However, the means can corrupt the end. Like Frankenstein’s monster, however a government is brought into being, it wants to survive. It has to win elections to carry out its agenda, not all of which may be understood or wanted by the voters; but there is also the delight of power, with its perks and privileges, plus potentially the glittering prizes after leaving office. So the game is to get enough votes in enough constituencies.

Every form of government has its flaws. For example, in ancient Athens all free men (though not women or slaves) could attend a weekly assembly and vote to decide the issues; representatives were not needed. It sounds almost ideal, a true democracy, but the Achilles heel here was the power of the orator, who could influence people’s judgment with his presentational skills. Demosthenes, the greatest speaker of his time, persuaded Athens to resist Philip of Macedon and later, his son Alexander the Great. Athens was defeated and could easily have suffered the fate of the city-state of Thebes, which Alexander destroyed.

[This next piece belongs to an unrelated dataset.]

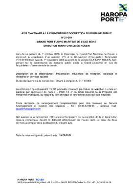Avis d'avenant à la convention d'occupation du domaine public n°21-019 SEA TANK
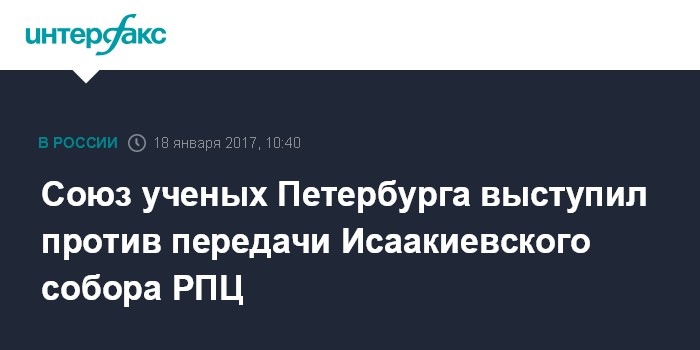 Москва. 18 января. INTERFAX.RU - Санкт-Петербургский союз ученых выступил против передачи Исаакиевского собора Русской православной церкви , заявление опубликовано на сайте организации.

In a mass representative democracy like ours, persuasion is the key again. Huge sums are invested in analysing the voter patterns and concerns of groups of people in each constituency, and in formulating policies that appeal to the ‘swing voter in the swing seat’. Since we depend so much on mass communications to follow what is going on, the political parties employ professional influencers to network with the staff of newspapers, TV etc.

Tony Blair’s ‘New Labour’ government went further. On May 3 1997, the day after taking office, it used an Order of the Privy Council to politicise the Civil Service, providing that ‘up to three special advisers (in practice in No 10) could exercise management control over permanent civil servants’. (To his credit, Gordon Brown revoked the Order ten years later on becoming Prime Minister.)

Blair was a master of presentation and always concerned to enhance his personal profile. In 2000 he wrote a memorandum analysing topical issues in political terms, for example: ‘On the family, we need two or three eye-catching initiatives . . . I should be personally associated with as much of this as possible.’ Clearly, what matters here is not the initiatives themselves, but their effect on public opinion.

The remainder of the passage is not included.